Books/ GREATEST HITS 1981-2000
From the Author
In 2000 my longtime friend, poet Suzanne Rhodenbaugh, brought my work to the attention of Pudding House Publisher, Jennifer Bosveld. When Jennifer accepted me for inclusion in her GREATEST HITS chapbook series, she asked me to select twelve poems that had proved popular at readings and to write an introduction answering the two questions readers most frequently ask : What brought you to write? and How did each of these poems come into being? "About the Poems and the Author" is that introduction.
“About the Poems and the Author” -
An Introduction to Pamela Harrison Greatest Hits 1981-2000
(Pudding House Publications, Johnstown, OH, 2002)
By Pamela Harrison
I was born and raised on the wide dry plains of Oklahoma, a place where weather is a constant and vital concern—from the grinding ravages of drought to the immediate doom of tornado, lightning, and flash flood. There, the prairie runs far and flat to the western horizon, pressed by a vast and windy sky. People who live beneath that cataract of wind and light turn to leather and squint. My husband, a man of the north woods, feels desperate and exposed under that scouring sky. God’s eye, I call it, the eternal gaze of heaven. It shrinks one to a proper humility. Folks there talk plainly (if they talk at all), and their truths cut like flint.
A plains woman’s interest in outer weather soon coupled with my own childhood obsession: the secrets of my family’s inner weathers. I registered like a barometer minute changes of tone and heart in those I loved. By the sixth grade, I was fully determined to be a meteorologist, as serious and essential as the local celebrity on radio and TV whose word we awaited as though the very prophet spoke. Inaccurate forecasts, I learned, could cost a person’s life.

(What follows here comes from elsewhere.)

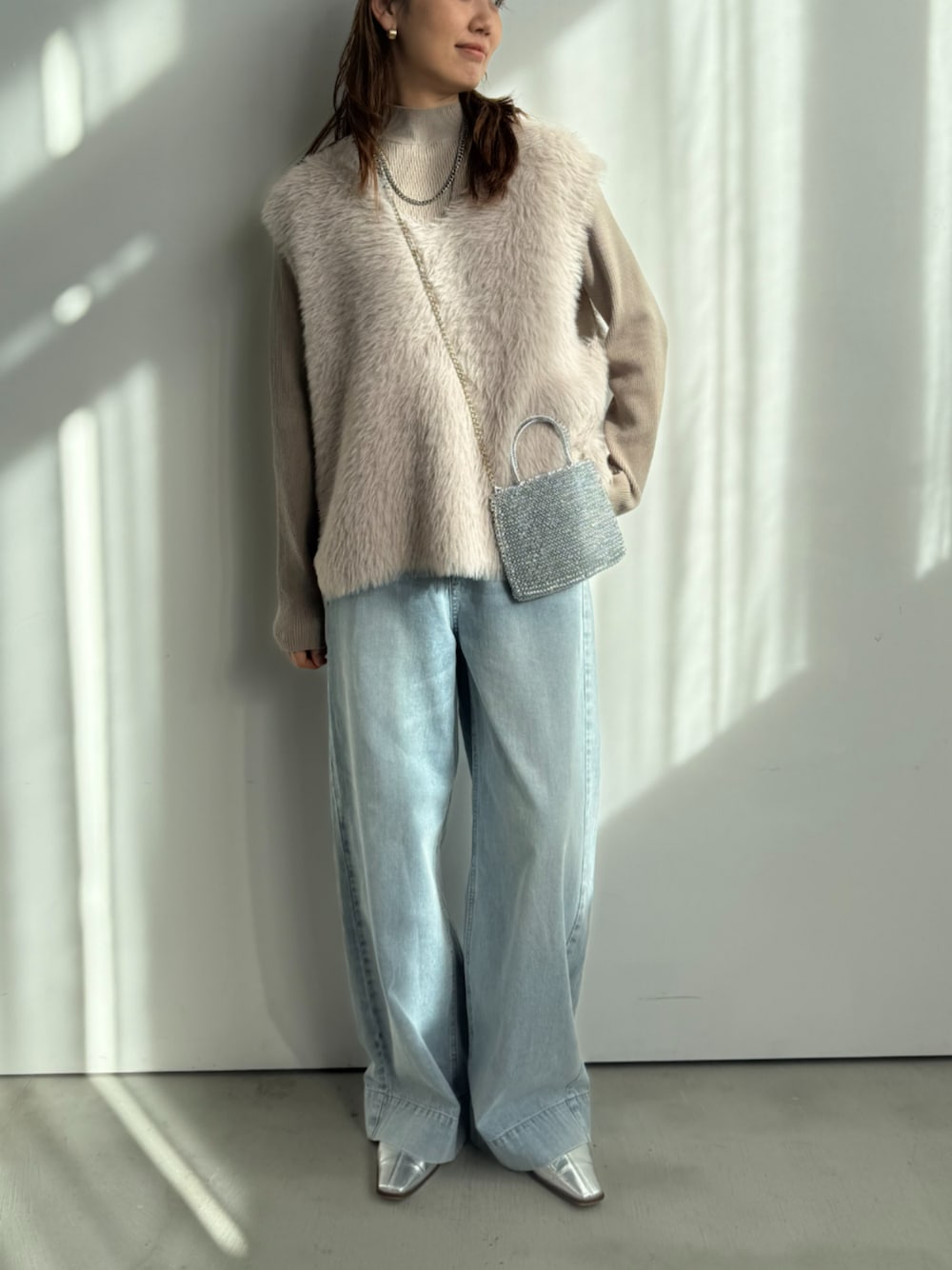 ECスタッフ(cross marcheメイン)のニット/セーター「《洗える》2点セット エブ楽 フェザーニットベスト&リブニット【CROSS FUNCTION/クロスファンクション】」を使ったコーディネート

Years passed and my native interest in words and weather evolved into a love and need for poetry. Nothing else I knew could record the changes of season and light, mood and storm with comparable subtlety and satisfaction. I think Robert Frost said it right in his poem, “Tree at My Window”:
That day she put our heads together
Fate had her imagination about her,
Your head so much concerned with outer,
Mine with inner, weather.
I am a watcher by nature. Observation and reflection are my instinctive responses to change. Naturally, I married a man of action, a general practitioner (like my father) committed to serving the poor and underprivileged at home and abroad. Especially abroad. Accompanying him to the Arctic, Africa, the Caribbean, and Central America, I was often forced to reckon with both the limited store of my own practical gifts and the proper uses of words.